A particle in rectilinear motion follows the path s(t) = t^3 − 6t^2 + 9t, where s is in meters, and t is in seconds.

The position of the particle at time t = 0 is s(0):

s(t) = t³ - 6t² + 9t

s(0) = (0)³ - 6(0)² + 9(0) = 0

And the position of the particle at time t = 2 is s(2):

s(2) = (2)³ - 6(2)² + 9(2) = 8 - 24 + 18 = 2

So the average velocity is (s₂ - s₁)/(t₂ - t₁) = [s(2) - s(0)]/(2 - 0) = 2/2 = 1 m/s

The instantaneous velocity is the derivative of the position function. Not knowing where you are in your class (whether you've been taught to use the limit definition to find the instantaneous velocity or if you've been taught the power rule) it's hard to know what method I should address this in.
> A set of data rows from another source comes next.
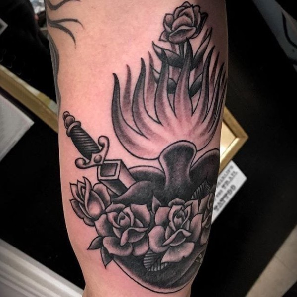 心脏纹身图案 女生手臂上黑灰纹身心脏纹身图案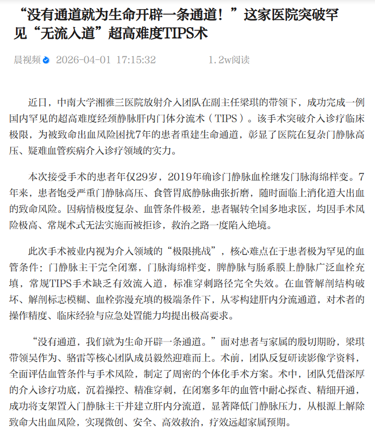 [下一篇] 红网时刻:湘雅三医院突破罕见“无流入道”...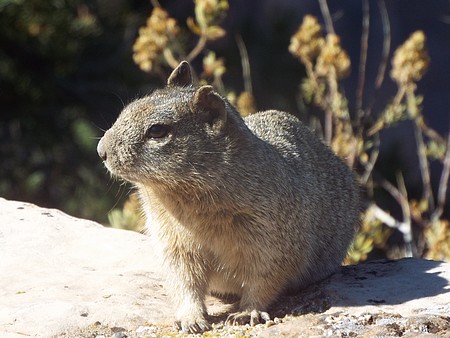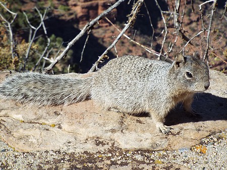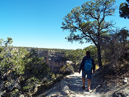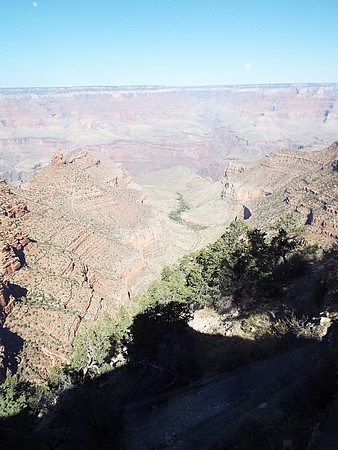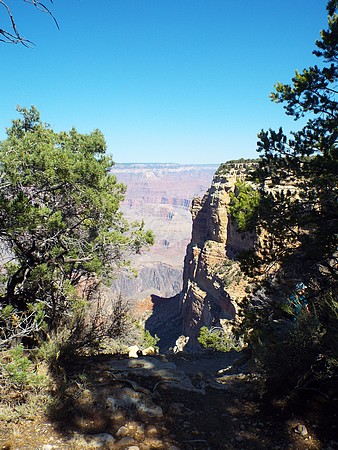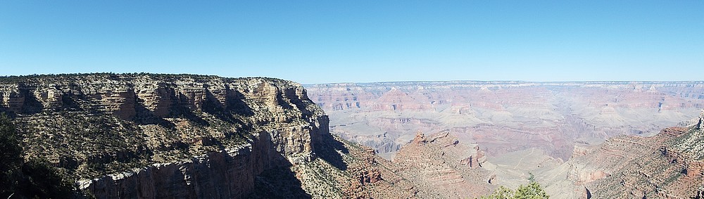 We hebben de shuttle terug gepakt tot Mojave Point. Hier hebben we even wat gedronken en een broodje gegeten. We wilden langs de rim lopen naar Hopi Point en dan Powel Point. We begonnen vol goede moed over het onverharde pad. Dit pad liep vlak langs de afgrond en met mijn hoogtevrees ging dat niet goed. Jacky bleek ook de schrik er goed in te hebben na het ongeluk in Mesa Verde afgelopen week, dus we zijn snel naar de weg gelopen en over de weg terug naar de shuttle stop.

Instantaneous velocity is defined as the limit of [s(t + Δt) - s(t)]/Δt as Δt approaches zero. You can find this by trying smaller and smaller values of Δt near t = 2 like this:

if Δt = 0.1 then s(2.1) = 1.701 so v = (1.701 - 2)/0.1 = -2.99 m/s

if Δt = 0.01 then s(2.01) = 1.970001 so v = (1.970001 - 2)/0.01 = -2.9999 m/s

if Δt = 0.001 then s(2.001) = 1.997000001 so v = (1.997000001 - 2)/0.1 = -2.999999 m/s

So obviously the limit as Δt approaches zero is -3 m/s

Using the power rule, you just take the derivative of s(t) to get s'(t) = 3t² - 12t + 9 and plug in t = 2 and you get the same answer.